## Work instructions
Repeat the data that follows in full. Do not include the pictures.

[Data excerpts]
· · · · · · ·

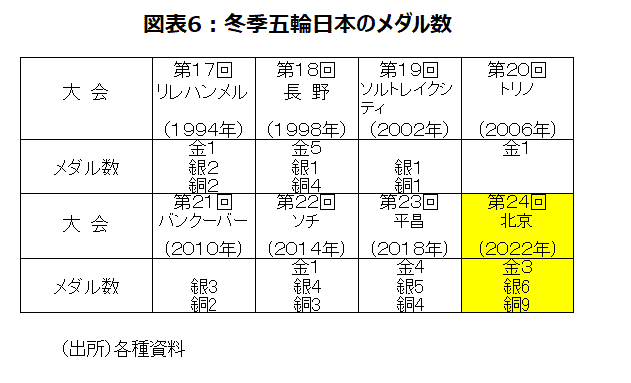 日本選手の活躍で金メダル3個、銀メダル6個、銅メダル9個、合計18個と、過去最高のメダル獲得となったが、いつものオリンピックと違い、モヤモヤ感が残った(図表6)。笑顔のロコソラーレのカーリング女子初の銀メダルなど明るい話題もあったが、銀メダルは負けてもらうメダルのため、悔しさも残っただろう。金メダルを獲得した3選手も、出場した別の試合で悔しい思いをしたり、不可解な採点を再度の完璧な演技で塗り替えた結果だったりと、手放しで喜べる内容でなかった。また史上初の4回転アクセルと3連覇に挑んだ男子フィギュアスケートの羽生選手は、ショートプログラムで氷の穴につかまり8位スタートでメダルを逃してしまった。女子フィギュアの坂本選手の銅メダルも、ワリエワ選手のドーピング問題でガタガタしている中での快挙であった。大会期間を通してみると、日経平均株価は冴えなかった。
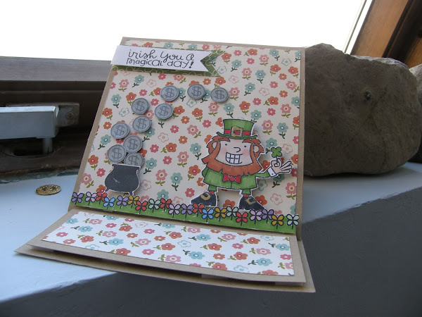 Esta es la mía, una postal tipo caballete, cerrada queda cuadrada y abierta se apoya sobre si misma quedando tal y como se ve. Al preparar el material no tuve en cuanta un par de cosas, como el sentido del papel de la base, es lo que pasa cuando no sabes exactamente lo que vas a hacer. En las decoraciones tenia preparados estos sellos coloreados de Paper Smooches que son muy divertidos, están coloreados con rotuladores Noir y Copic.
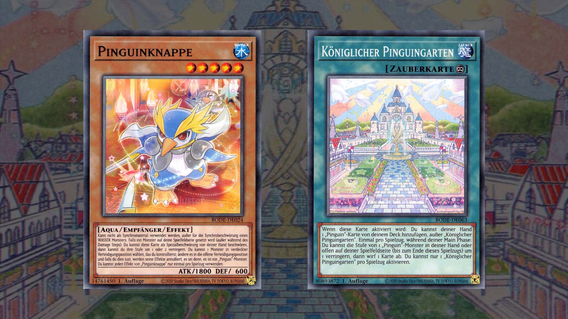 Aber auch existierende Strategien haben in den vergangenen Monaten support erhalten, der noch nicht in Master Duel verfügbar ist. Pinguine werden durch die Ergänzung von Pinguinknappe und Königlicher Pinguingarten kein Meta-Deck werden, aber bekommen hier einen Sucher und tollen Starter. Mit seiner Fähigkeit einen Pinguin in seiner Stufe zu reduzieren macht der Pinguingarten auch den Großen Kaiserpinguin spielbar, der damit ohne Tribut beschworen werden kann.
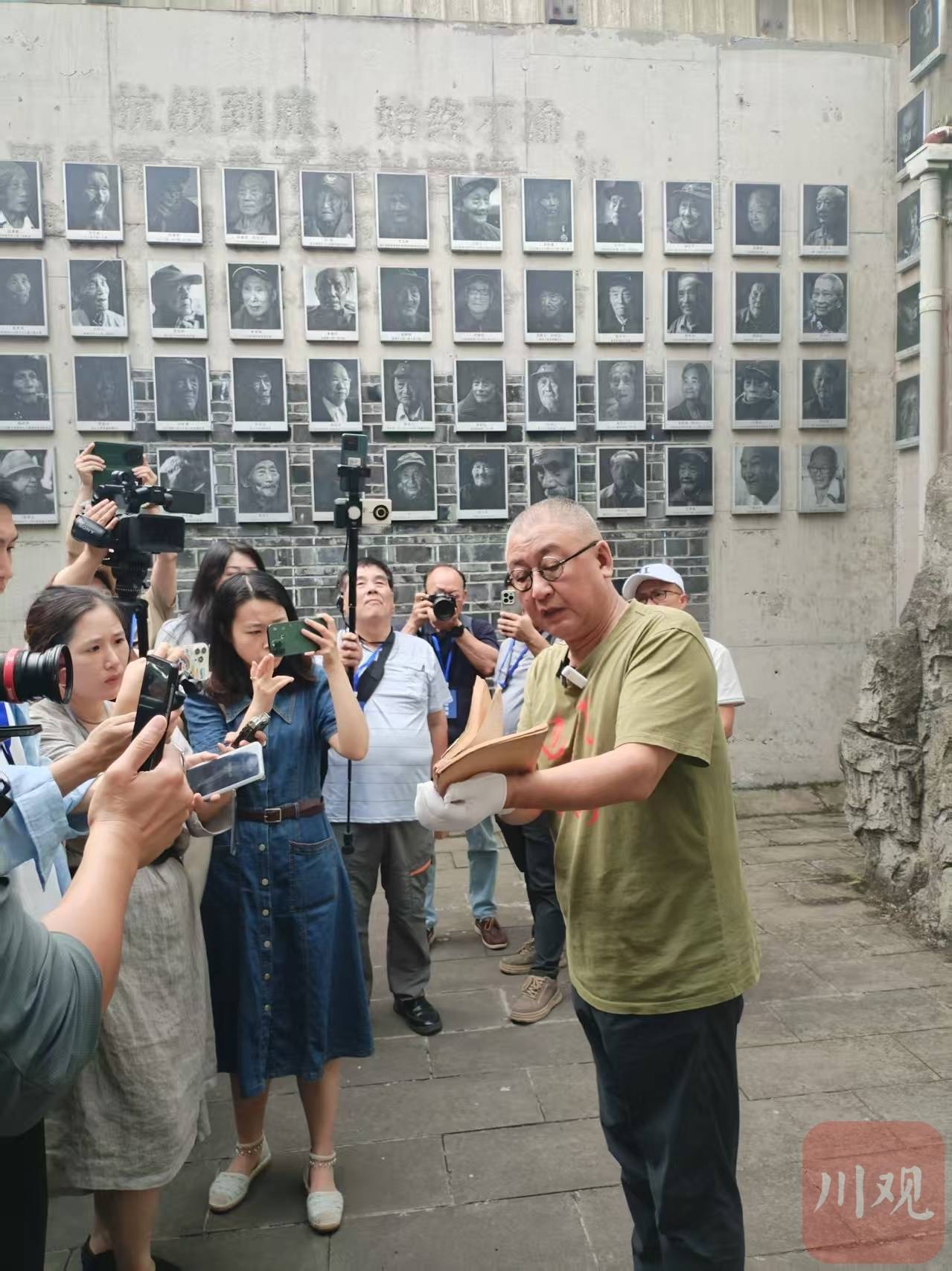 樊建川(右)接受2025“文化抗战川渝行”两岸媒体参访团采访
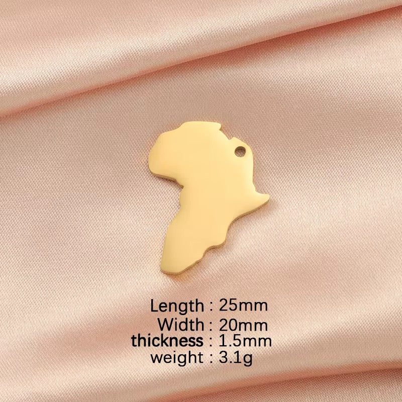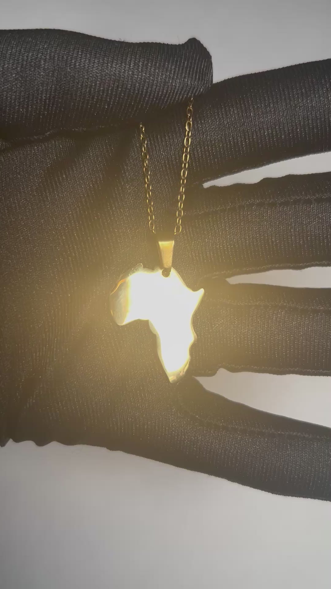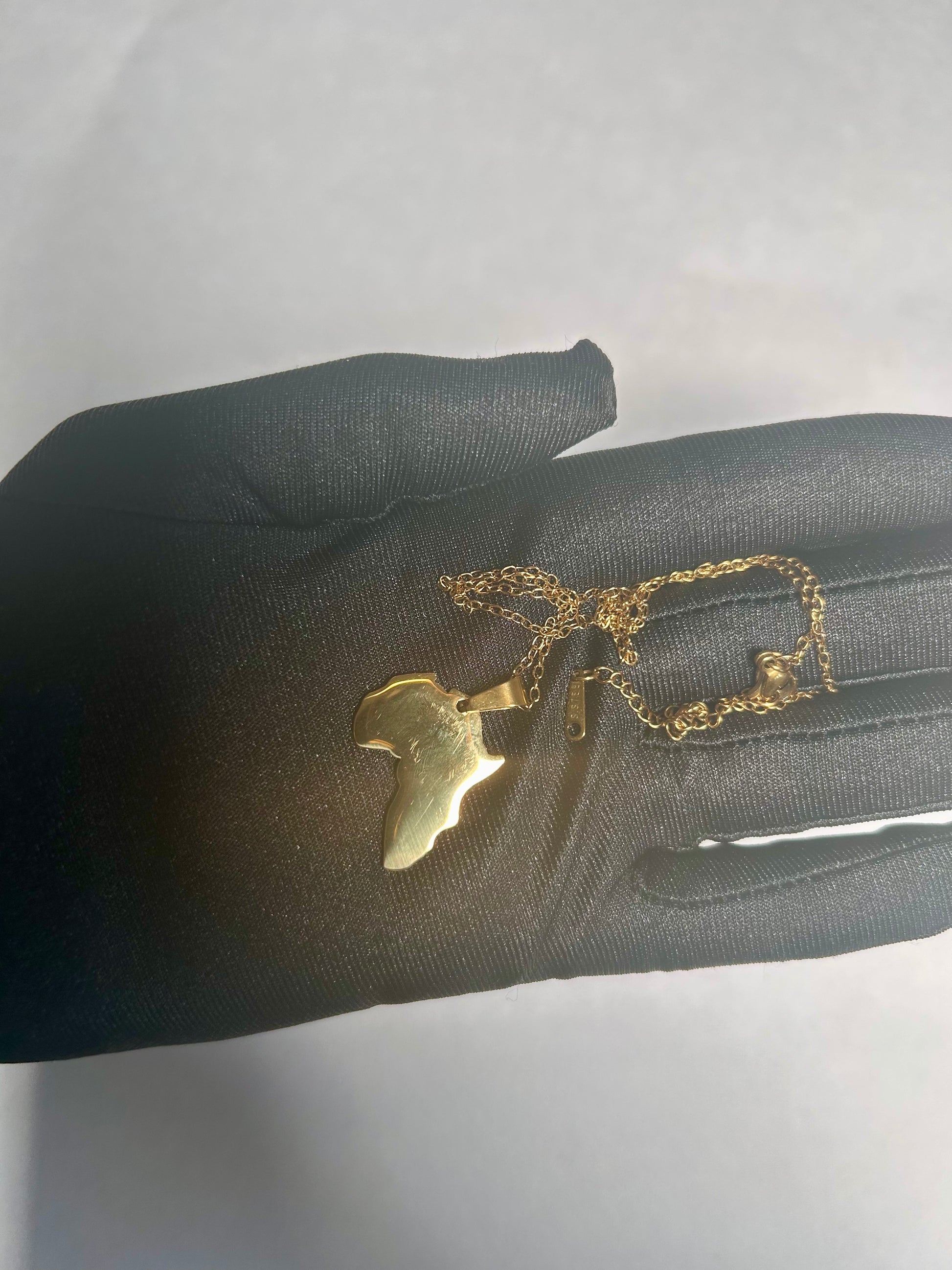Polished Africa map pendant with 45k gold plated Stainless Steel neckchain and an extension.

· · · · · · ·

## Reply to the task
 日本選手の活躍で金メダル3個、銀メダル6個、銅メダル9個、合計18個と、過去最高のメダル獲得となったが、いつものオリンピックと違い、モヤモヤ感が残った(図表6)。笑顔のロコソラーレのカーリング女子初の銀メダルなど明るい話題もあったが、銀メダルは負けてもらうメダルのため、悔しさも残っただろう。金メダルを獲得した3選手も、出場した別の試合で悔しい思いをしたり、不可解な採点を再度の完璧な演技で塗り替えた結果だったりと、手放しで喜べる内容でなかった。また史上初の4回転アクセルと3連覇に挑んだ男子フィギュアスケートの羽生選手は、ショートプログラムで氷の穴につかまり8位スタートでメダルを逃してしまった。女子フィギュアの坂本選手の銅メダルも、ワリエワ選手のドーピング問題でガタガタしている中での快挙であった。大会期間を通してみると、日経平均株価は冴えなかった。
 Esta es la mía, una postal tipo caballete, cerrada queda cuadrada y abierta se apoya sobre si misma quedando tal y como se ve. Al preparar el material no tuve en cuanta un par de cosas, como el sentido del papel de la base, es lo que pasa cuando no sabes exactamente lo que vas a hacer. En las decoraciones tenia preparados estos sellos coloreados de Paper Smooches que son muy divertidos, están coloreados con rotuladores Noir y Copic.
 Aber auch existierende Strategien haben in den vergangenen Monaten support erhalten, der noch nicht in Master Duel verfügbar ist. Pinguine werden durch die Ergänzung von Pinguinknappe und Königlicher Pinguingarten kein Meta-Deck werden, aber bekommen hier einen Sucher und tollen Starter. Mit seiner Fähigkeit einen Pinguin in seiner Stufe zu reduzieren macht der Pinguingarten auch den Großen Kaiserpinguin spielbar, der damit ohne Tribut beschworen werden kann.
 樊建川(右)接受2025“文化抗战川渝行”两岸媒体参访团采访
Polished Africa map pendant with 45k gold plated Stainless Steel neckchain and an extension.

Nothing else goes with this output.